Matt Stills
Full Stack Web Developer & Atlanta Native
I've been working on the March Madness Live desktop experience for the past three years. Recently, for the 2015-2016 season, I was lead on the web development side of the application. There are many systems and moving parts involved to deliver the live video experience that must function in harmony. It is one of the largest and most complex projects that I've ever worked on and we are extremely proud to deliver it without any major issues every year for the Men's D1 Basketball tournament. It's always exciting to be part of such a huge production with so many eyes on it. The 2016 version of the application is a JavaScript application that uses the Backbone and Handlebars.
I have worked on a number of really exciting projects over the past few years since moving over to the NCAA Digital (NCAA.com) team from SI.com. I will update this space as soon as I have a chance to document some of them (read: there's a lot) in detail. For now, just visit the site on the device or platform of your choice as it is fully adaptive. It was re-designed back in late October 2013. At that time, we also upgraded to Drupal 7 from version 6. My team of me and three other developers are responsible for the entire shebang and we're really proud of it!
Below were my contributions to the Sports Illustrated website in the ~2 years that I was working on it. The business and website have gone through many changes since then, including a full-scale redesign. Unfortunately, that means none of these pages nor functionality below are live on the public internet these days.
SI Now is a live video hub designed for the eponymous show. There is a new episode every business day and the app cycles through three states: upcoming, live, and archived. Each is a slightly different view. Nailing down the state and temporal logic was somewhat challenging but the hub came together nicely. A carousel at the top lets you navigate through past episodes. It features a clip reel for each date as well as other widgets such as a poll and related episodes which can be manipulated via the CMS platform.
Built with: JavaScript, Freemarker, Handlebars.js, Date.js
For 2013, we totally re-designed the draft tracker experience for NFL. It is, for all intents and purposes, a single-page JavaScript app with a tabbed navigation. There are a variety of data-intensive views available. During the draft itself, the page was 100% dynamic and updated live similar to how the Gameflash apps work. This same app is also used as the foundation for the very similar NBA draft tracker.
Built with: JavaScript, jQuery, Handlebars.js
For the desktop version of NCAAB Gameflash, we had to make some low-level tweaks to the proven architecture that powers the other Gameflash apps. Again, we opted for very light usage of XSLT to allow for a nimble deploy flow. The architecture changes allow for coverage tiers as not all college basketball games get a full data feed. This app always knows what data it has and presents only what is available in a clean manner. Aside from coding the low-level changes, I mostly served as an advisor on this project so new develoeprs would have a chance to learn about the architecture.

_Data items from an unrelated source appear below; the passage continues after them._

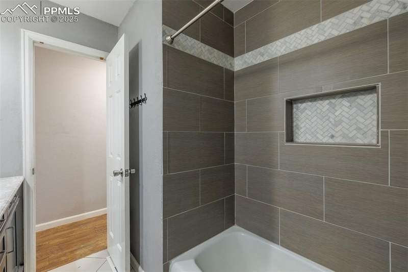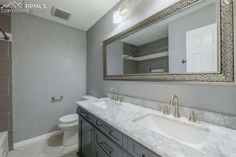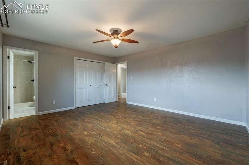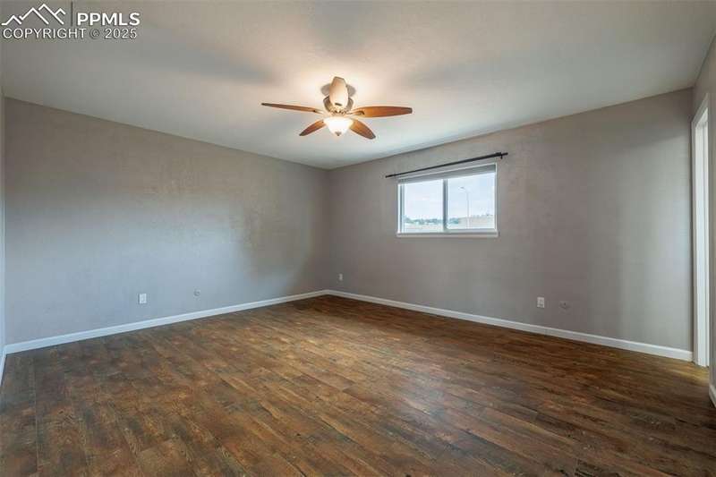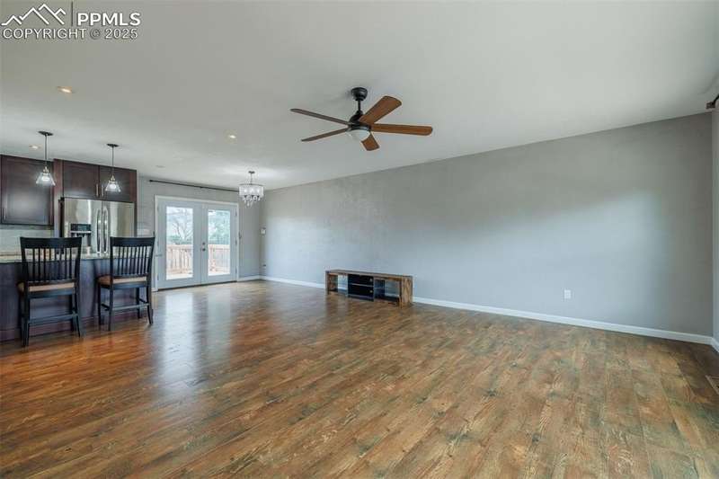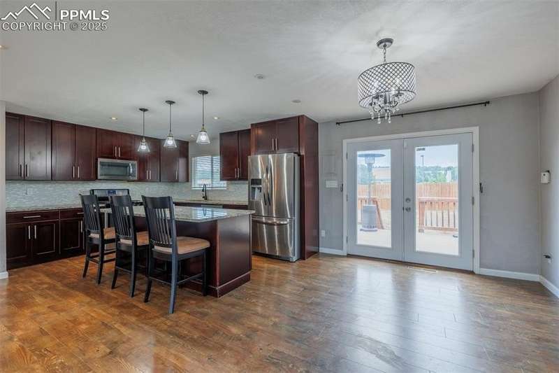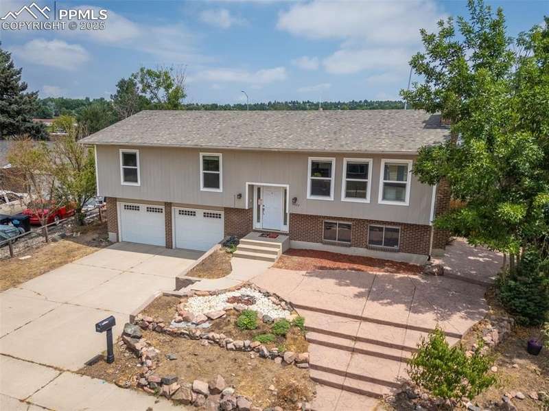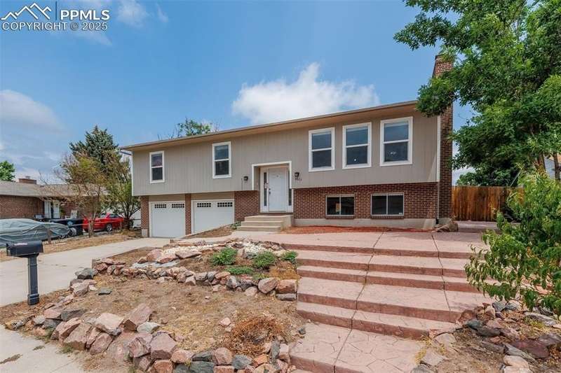 Welcome to this move-in ready, bi-level home centrally located right off of the Academy corridor! Step inside and be surprised by a beautifully renovated interior with stainless steel appliances, wood floors, and central air. The upper level offers an open floor plan flowing from the living room with great Pikes Peak views, a dining room that walks out to the back deck, and a modern kitchen with breakfast bar at the island, granite countertops, and soft-close cabinetry. Large master bedroom with attached 3/4 bath, two additional bedrooms, and a full bath with marble countertops and a double vanity complete the upper floor. Finished lower level features a laundry room, fourth bedroom, full bath, and a family room with fireplace and built-in shelving. Home amenities include a fully-fenced yard, stamped concrete patio in the front yard, and oversized attached two-car garage. Enjoy walking to Pulpit Rock Park, Austin Bluffs Open Space, hiking and biking trails, shopping and schools. Excellent rate in place on this property. No HOA dues. This home is a hidden gem with a stylish modern interior and won't last long!
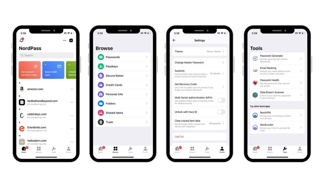 Coffre-fort sécurisé : NordPass stocke l’ensemble des mots de passe et informations sensibles dans un coffre-fort chiffré, accessible uniquement via un mot de passe principal.
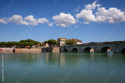 Fototapeta premium Historic Tiberius Bridge, ancient Roman architecture, Rimini landmark, built...
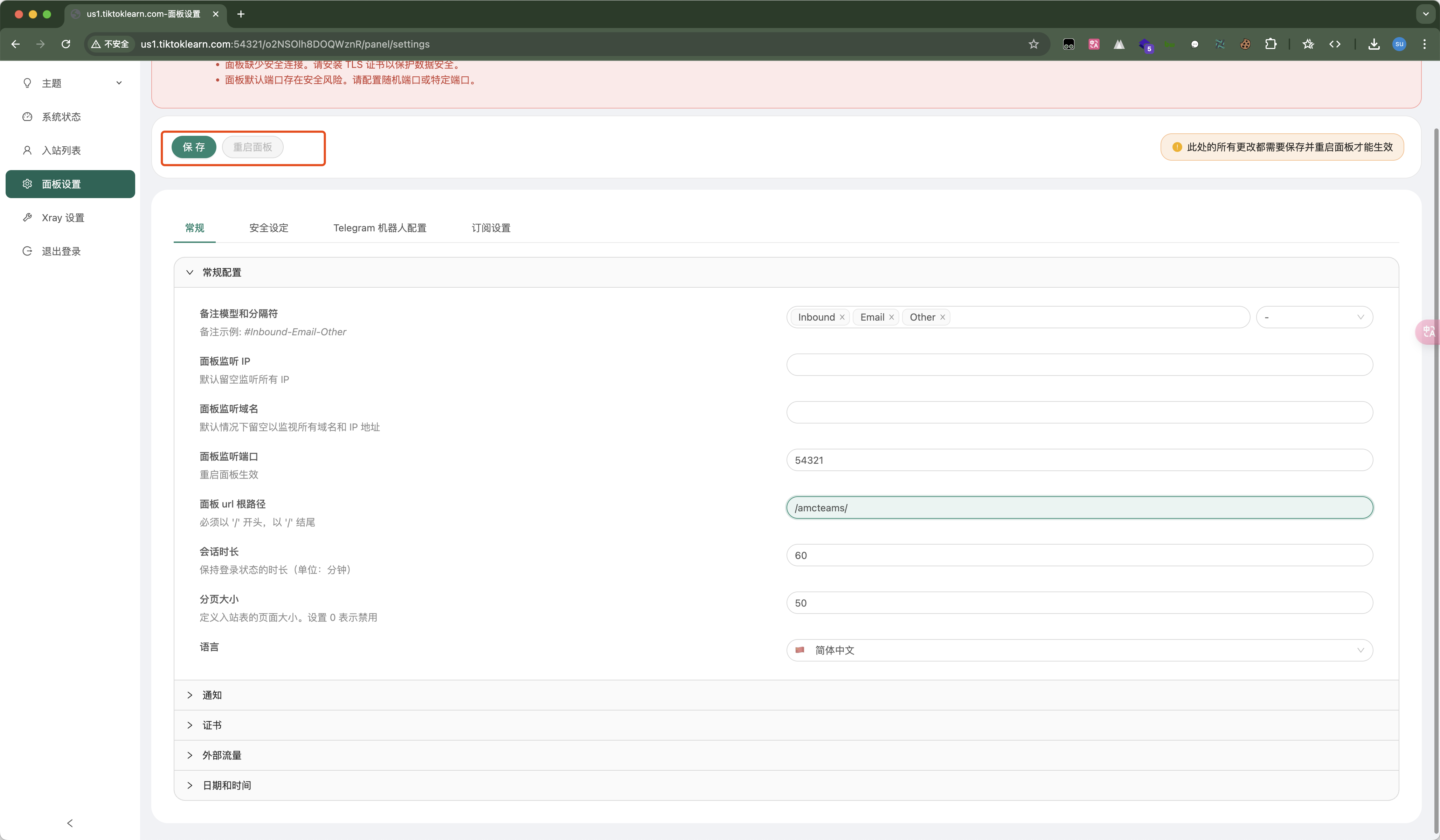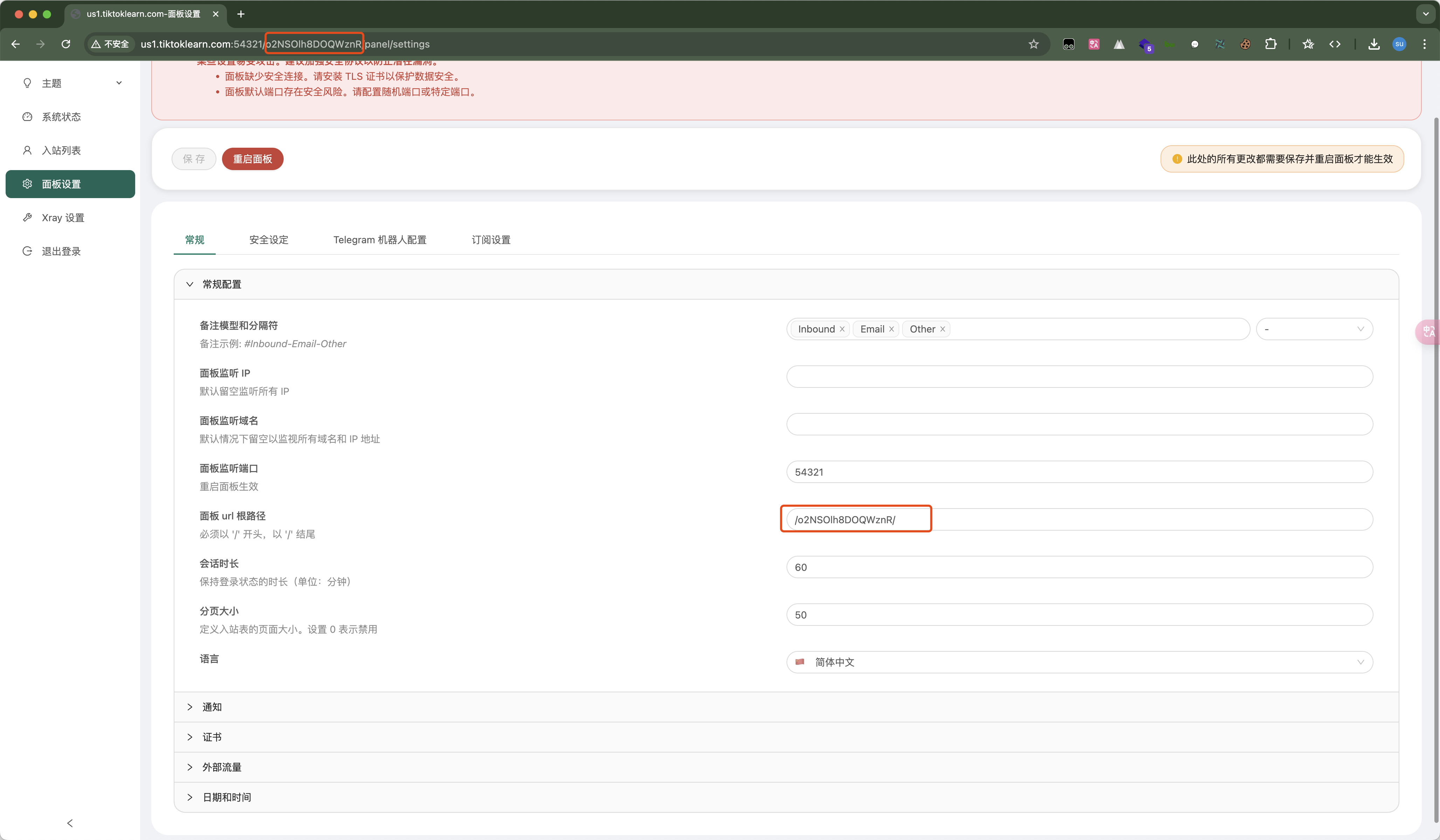 - 进入面板之后,可以在面板设置中面板url根路径修改,也可以不修改。我这边为了好记,就修改成我容易记的。
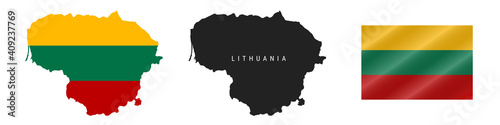 © Ivan Burchak, Obraz premium Lithuania. Map with masked flag. Detailed silhouette. Waving flag. Vector illustration isolated on white.
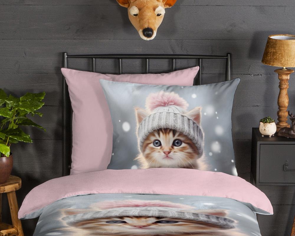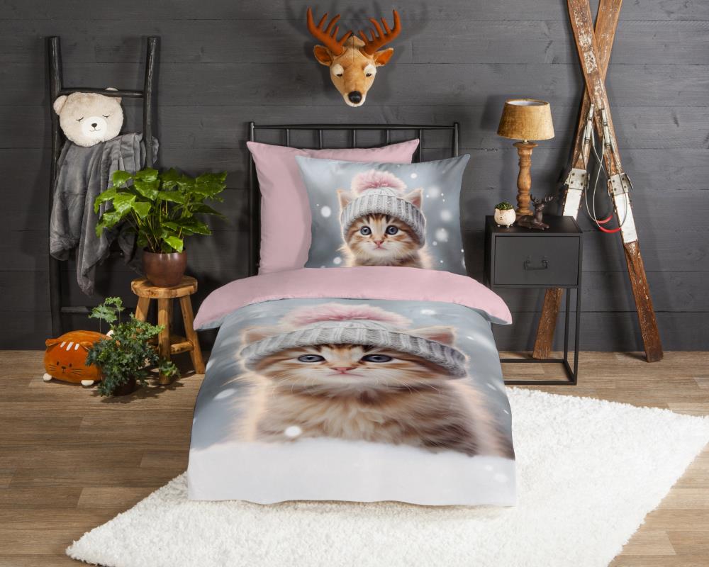 Flanellen kinderdekbedovertrek Patt van Good Morning, in de kleur multi, met een print van een kat/ poes. Het dekbedovertrek is gemaakt van 100% katoen/flanel dat licht is geruwd, waardoor een fluweeelzacht laagje ontstaat dat heerlijk warm aanvoelt -perfect voor koude nachten. Deze warme, comfortabele stof is ademend en vochtabsorberend. Dit leuke kinderdekbedovertrek is een toevoeging aan iedere kinderkamer. Flanellen kinderdekbedovertrek zijn bij uitstek geschikt voor de koude wintermaanden.
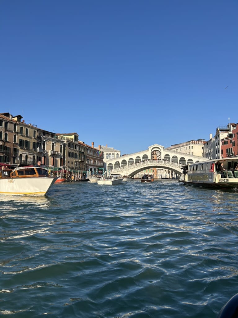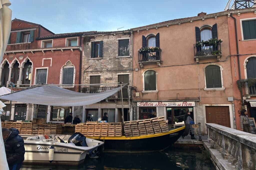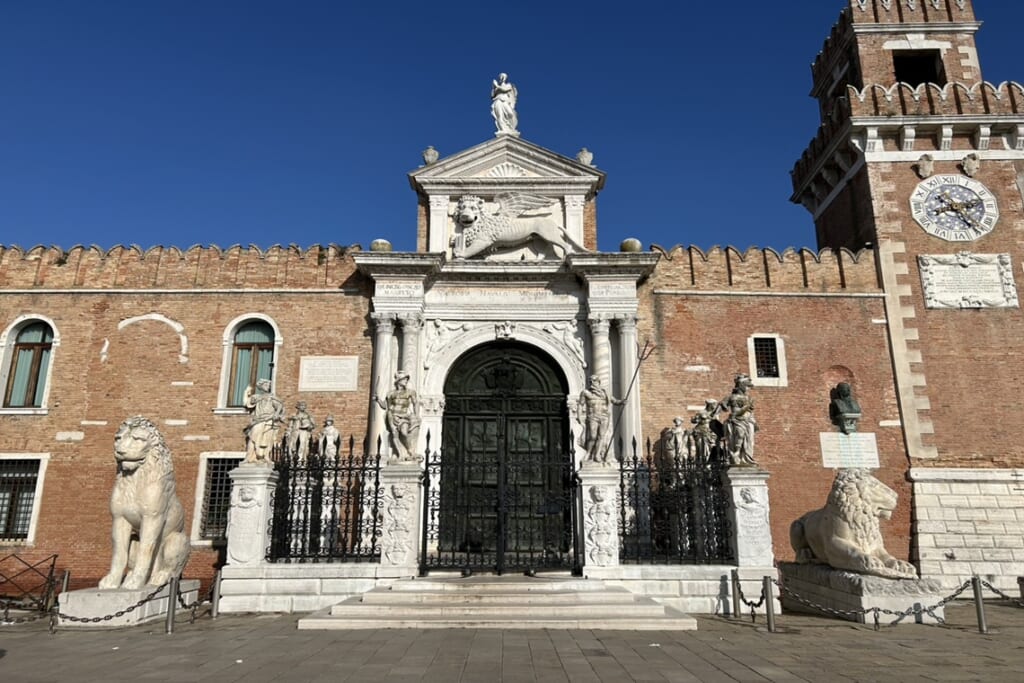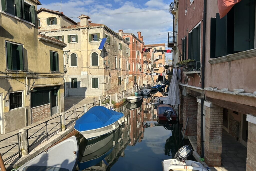 中世には「アドリア海の女王」ベネチア共和国の首都として栄えた本島の、東に位置するカステッロ地区へ。住宅が所狭しと立ち並び、日常感溢れる素朴な雰囲気を感じながら散策へ。ベネチアが発展するきっかけであった1000年以上の歴史を持つ造船所アルセナーレを訪ね、当時どれほどの富と勢力を持っていたか感じ取ることができました。本島でも道は入り組み、細い水路が数多く通っています。これらは、高潮の被害が懸念され続けてきたベネチアを守り続け、水(海)と共存する国をつくりあげてきました。島内では車のみならず自転車の乗車も禁止のため、階段の小橋が水路を跨ぐようにかかっています。街角を曲がるたび、橋を渡るたび、趣ある風景に出会うことができます。
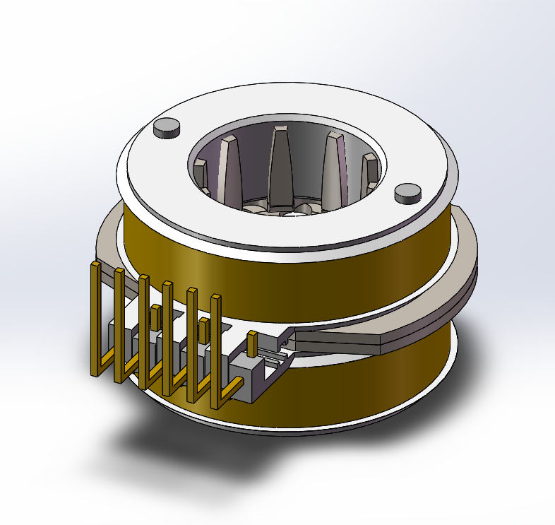 - 該三維圖為彎針裝配圖,主要用在圓環銅片插針折彎工序上,通過上下兩側圓柱夾具完成銅環夾緊滾筒。...
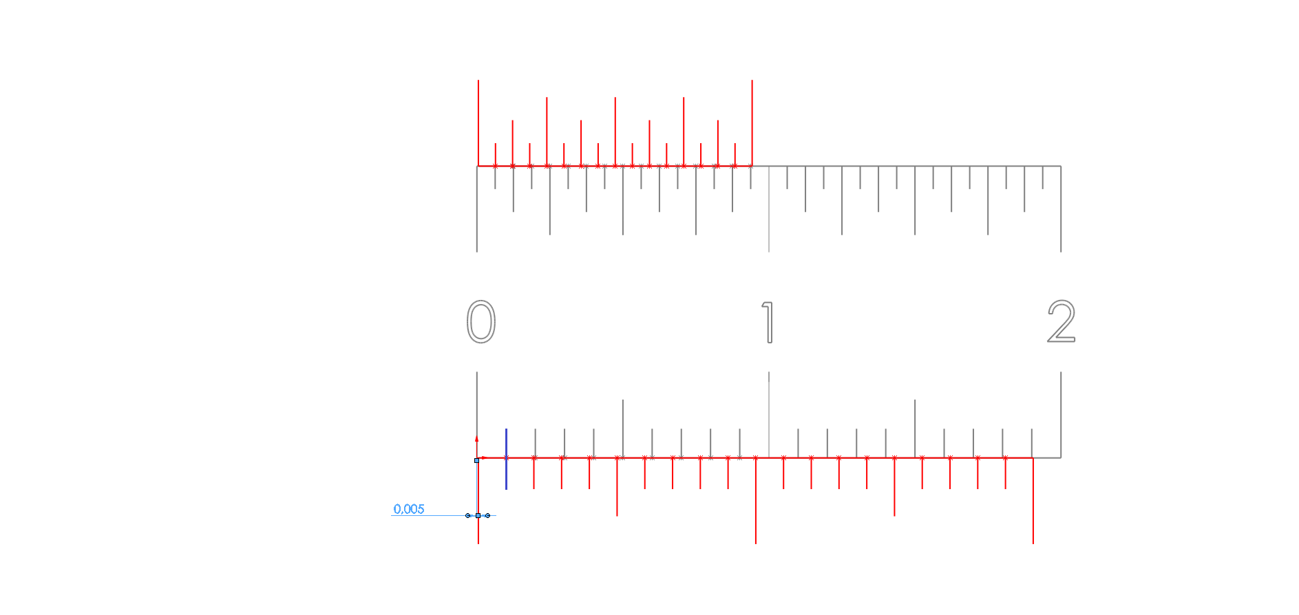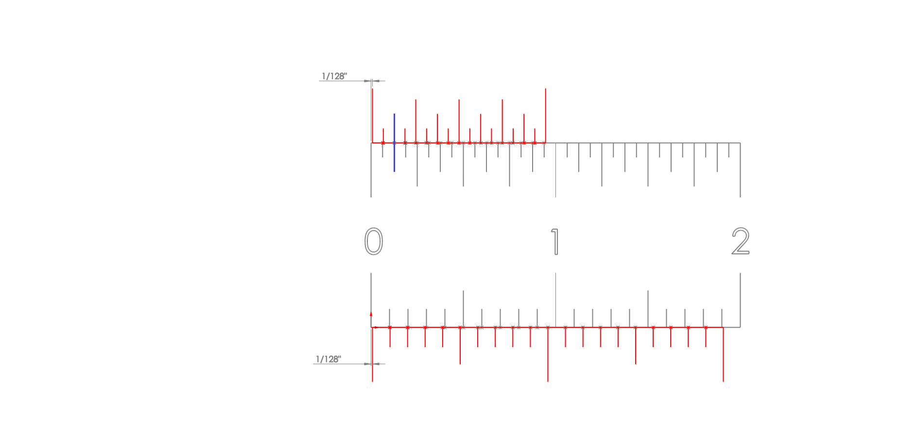 I am attempting to draw a depth gauge for my table saw that I can use to set the blade height and cut width from the same measurement. I think I have drawn a vernier with 1/128 inch resolution correctly. However, I am trying to draw another Vernier at .005 inch resoluition and I cannot get it to read correctly.
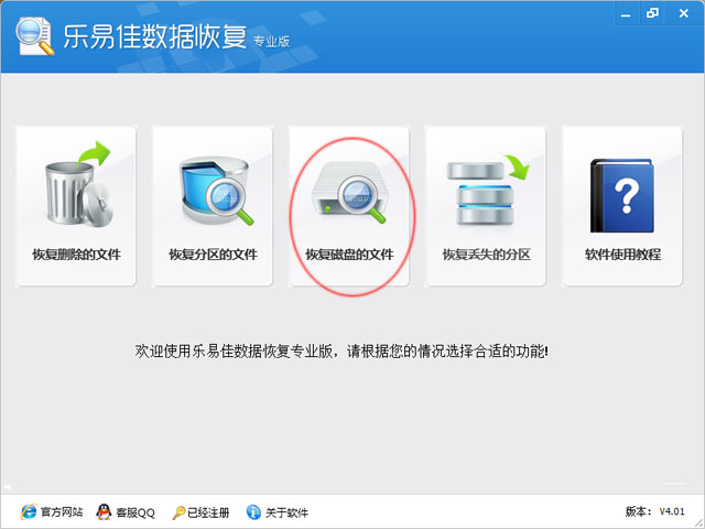 1、运行《乐易佳数据恢复-专业版》。
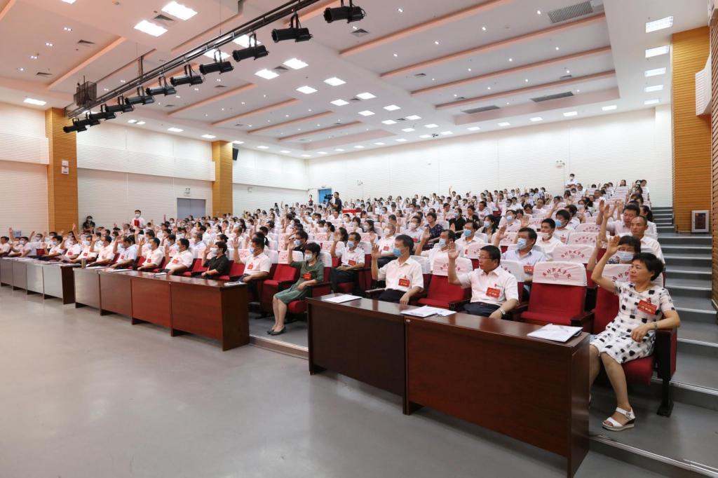 在雄壮的《国际歌》中,beplay(中国)第六届教职工代表大会暨工会第六届会员代表大会第一次会议胜利闭幕。(鞠发营供稿)
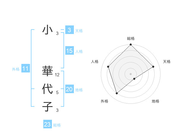 小 華代子さんの総格は23画の5点!
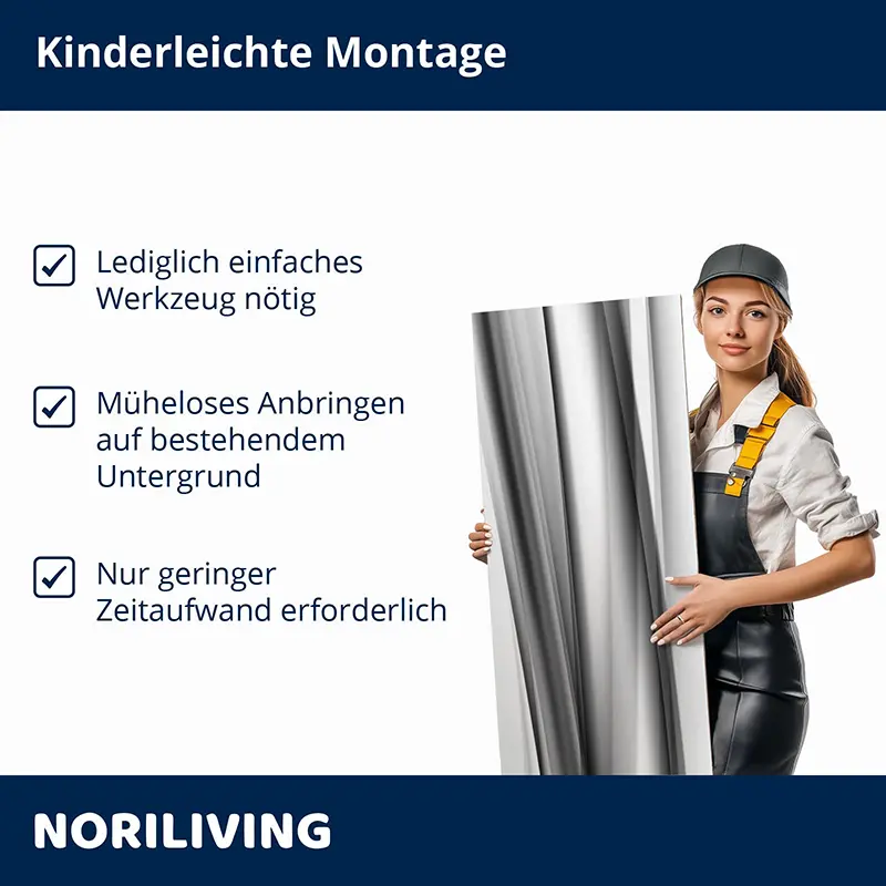 - Großflächige Anbringung – nahezu fugenlos

Built with: JavaScript, jQuery, XSLT, Handlebars.js
A mobile-optimized version of the desktop app. Like its siblings, this app was built using Twitter bootstrap and has optimizations for portrait vs. landscape orientations as well as iPhone Retina. I handled a lot of the app development that included porting the desktop code over to our mobile-specific Gameflash architecture.
Built with: JavaScript, jQuery, Handlebars.js, Bootstrap
These two 'brand' blogs were the first of their kind. Though a stable of sports-related blogs already existed within the SI network, these warranted a totally new design. Both are built on the Wordpress and hosted on their VIP platform using mostly custom plugins that we wrote from scratch to help promote SI's non-sports content. Wordpress widgets were also heavily utilized to allow unprecedented editorial control through the dashboard.
Built with: JavaScript, jQuery, Wordpress, PHP
This network bar was designed to work on any site. As such, it is a compact JavaScript-only solution that can easily be dropped into the <head/> of partner websites and the like. It serves as a real-time window into what is happening all over the SI network of websites and is powered by JSON feeds straight out of the main site CMS and from the Wordpress blogs' RSS.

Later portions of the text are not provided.